Only a quarter of private sector employees are active members of their employers’ pension scheme in Britain today (26 per cent), down from a third in 2007 (31 per cent), representing a 15 per cent drop in employees’ pension saving overall.
And only 31 per cent of private sector organisations currently offer any pension provision for their staff. This is down from 41 per cent in 2007.
45 per cent of firms without a current workplace scheme intend to enrol all their employees into NEST, the National Employment Savings Trust. A further 11 per cent say they will set up their own scheme, while five per cent say they will use a combination of both.
Pensions Minister Steve Webb said:
Automatic enrolment into workplace pensions will start the monumental shift we need to get millions more people in Britain saving for their retirement.
It’s a major change for business too, especially for firms that don’t currently offer pension schemes for staff and it is good news that so many say they will use NEST.

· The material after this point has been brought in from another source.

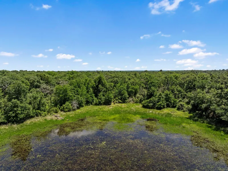 Twin Oak Acres comprises approximately 14 acres of raw land and 2 acres of improved pasture. The terrain is primarily flat, with gentle elevation changes of less than ten feet. The improved pasture, primarily composed of Bahia grass, offers a solid foundation for expanding grazing acreage. Twin Oak Acres shares a 1.5-acre pond with the neighboring property to the north, which is known to retain water year-round. The landscape features mature Blackjack and Live Oak trees, along with a mix of native brush species common to the area, providing excellent ground cover. Wildlife on the property includes Whitetail deer, seasonal waterfowl, wild hogs, and various varmints.

NEST is designed around the needs of people who are new to pension saving, with low charges, costs and easy to use services. We expect around half of all new savers to be NEST members, including many low-paid and part-time workers, women and young people, who will get a contribution from their employer for the first time.
Most firms who already offer some form of workplace provision plan to keep all current members of their largest or only scheme in their existing scheme (60 per cent). Six per cent plan to enrol all current members in to NEST. Half of employers say they will use their existing scheme for all non-members and new employees, and 19 per cent would enrol all non-members and new employees into NEST.
Over half of all employers (55 per cent) who intend to keep at least some employees in their largest scheme say they are likely to maintain their current contribution levels for existing members. A third (34 per cent) say they are likely to increase contributions. Only 6 per cent say they would reduce contributions.
Only around a fifth of all private sector firms offer some form of workplace based scheme open to new members. Even where employers offer open schemes access may be restricted to certain groups of employees such as those who had been working for the firm for a certain period of time.
Notes to Editors
- Employers’ Pension Provision Survey 2011 is available at:
- The survey was conducted among a representative sample of private sector employers in Great Britain. The sample was drawn from the Inter-Departmental Business Register (IDBR); small businesses without employees were excluded, as was the public sector. In 2011, the population of all private sector employers in Britain with at least one employee comprised around 1.6 million organisations, which together employed around 20 million employees.
- The research was carried out by the National Institute of Economic and Social Research and TNS-BMRB on behalf of the Department for Work and Pensions.
- The research surveyed 3,093 private sector employers of all sizes in Great Britain. It is part of a series of surveys which have been carried roughly biannually since 1994. The previous report was published in 2009.
- Automatic enrolment, starting in October, will require employers to automatically enrol all eligible workers into a workplace pension scheme and make a minimum contribution into the scheme.